João Paulo: símbolo da virada do Atlético nesta série B.

O Atlético passou por maus bocados  neste ano. Derrapou contra times bizarros; precisou jogar em Paranaguá e lá desperdiçou pontos importantes; parou no meio da tabela da série B. O suficiente para que o time das Mil Cornetas do Apocalipse bradasse ao mesmo tempo e pregasse um fim terrível para o Rubro-Negro.

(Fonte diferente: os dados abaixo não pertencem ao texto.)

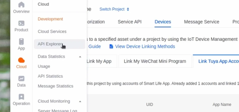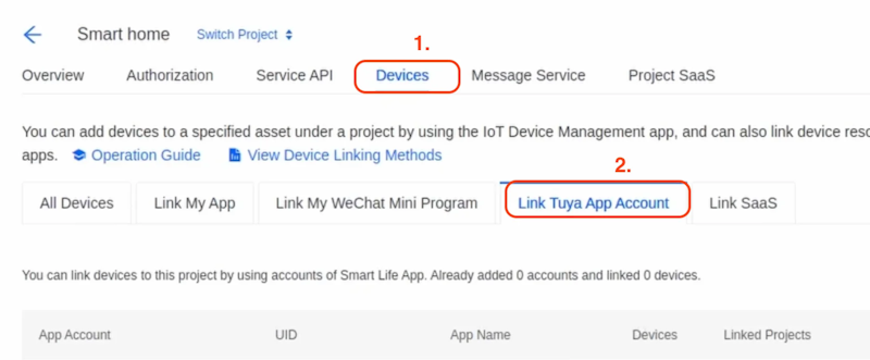 Une fois le projet créé, cliquez sur l’onglet « Appareils » puis sur « Lier l’application Tuya ».
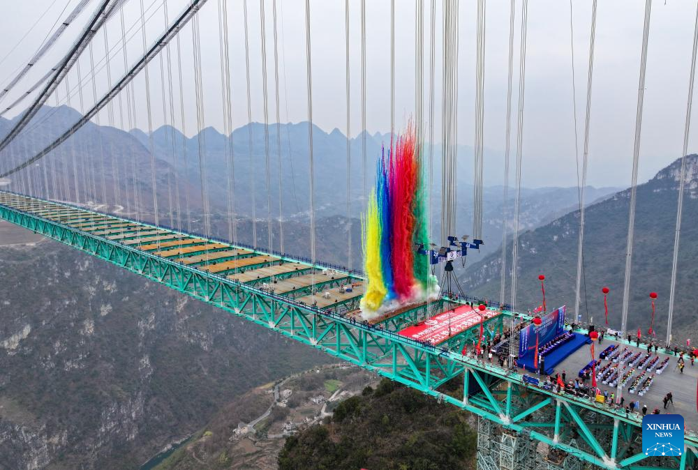An aerial drone photo taken on Jan. 17, 2025 shows a ceremony marking the completion of the main structure of the Huajiang Grand Canyon Bridge in southwest China's Guizhou Province.(Xinhua/Liu Xu)
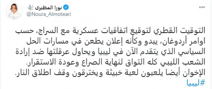 وقالت في تغريدة عبر "تويتر" رصدها "المشهد العربي": "التوقيت القطري لتوقيع اتفاقيات عسكرية مع السراج، حسب أوامر أردوغان، يبدو وكأنه إعلان يطعن في مسارات الحل السياسي الذي يتقدم الآن في ليبيا ويحاول عرقلتها ضد إرادة الشعب الليبي كله التواق لنهاية الصراع وعودة الاستقرار".
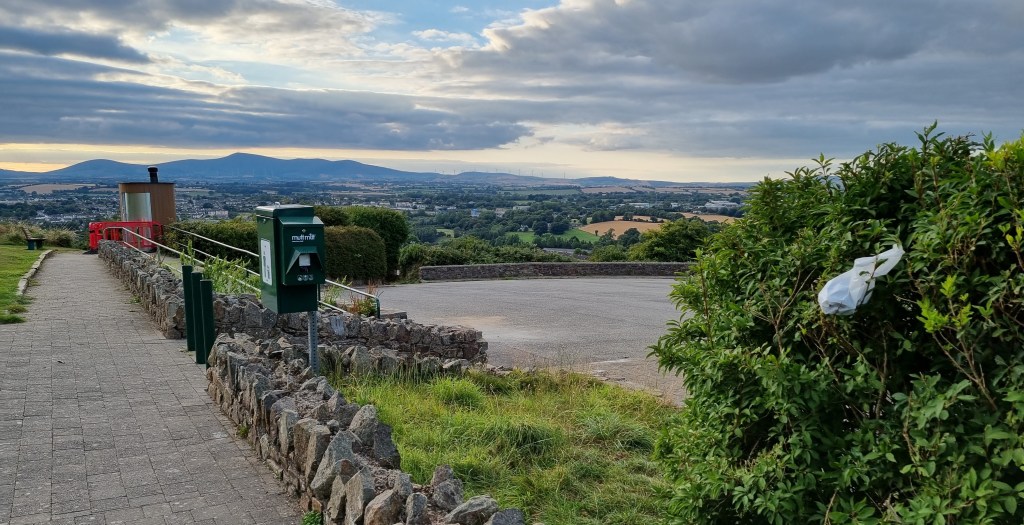 I visited the hill twice today. At the entrance to the hill from the car park is a green dog poo bin – very prominent – and I didn’t check to see if it was full, but I avoided stepping in dog shit – it had been flattened so somebody brought home a souvenir on their shoe – and a bag full of the canine excrement in a white bag is dangling from the hedge beside it! Not a great image.

Em junho a gente já alertava aqui no blog: calma, cornetada! O Atlético é o Atlético.

E, sejamos justos, a Drubsky o que é de Drubsky: a guinada veio, quem diria, com a chegada do treinador. O aproveitamento do técnico no comando do CAP após a demissão de Jorginho é de impressionantes 78,95%. Arrisco dizer, meus amigos, que nunca vi disso por aqui.

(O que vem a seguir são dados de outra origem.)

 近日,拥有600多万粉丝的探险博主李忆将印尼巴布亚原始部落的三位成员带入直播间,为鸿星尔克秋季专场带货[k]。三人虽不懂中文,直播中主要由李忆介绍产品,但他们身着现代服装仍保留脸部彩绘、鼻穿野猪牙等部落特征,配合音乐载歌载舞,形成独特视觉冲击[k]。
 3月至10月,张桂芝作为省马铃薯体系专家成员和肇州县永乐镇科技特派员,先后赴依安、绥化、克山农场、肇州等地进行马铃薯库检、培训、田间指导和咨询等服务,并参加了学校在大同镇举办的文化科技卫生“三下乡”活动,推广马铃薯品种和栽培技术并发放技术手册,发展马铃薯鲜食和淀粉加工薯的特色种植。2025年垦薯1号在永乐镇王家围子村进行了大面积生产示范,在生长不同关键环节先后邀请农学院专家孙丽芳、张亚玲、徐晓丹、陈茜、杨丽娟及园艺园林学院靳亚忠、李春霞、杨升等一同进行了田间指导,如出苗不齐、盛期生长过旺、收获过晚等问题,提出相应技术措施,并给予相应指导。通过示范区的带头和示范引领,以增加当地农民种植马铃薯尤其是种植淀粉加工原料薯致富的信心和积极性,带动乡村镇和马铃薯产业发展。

Mas não por foi sorte ou apenas supermotivação do elenco. A vinda de reforços ajudou - e bastante - a botar o time na linha. E, aí, destacamos João Paulo, um verdadeiro guerreiro da meia-cancha, atleta importantíssimo para dar equilíbrio ao time. Com Elias e Baier se revezando e uma dupla de ataque que deslanchou, deu-se a química necessária para que o Furacão voltasse. 

Agora, falta pouco.

Uma vitória amanhã contra o América de Natal deixa o Atlético com um pé na Série A. Uma vitória é fundamental, pois depois serão duas partidas fora de casa. 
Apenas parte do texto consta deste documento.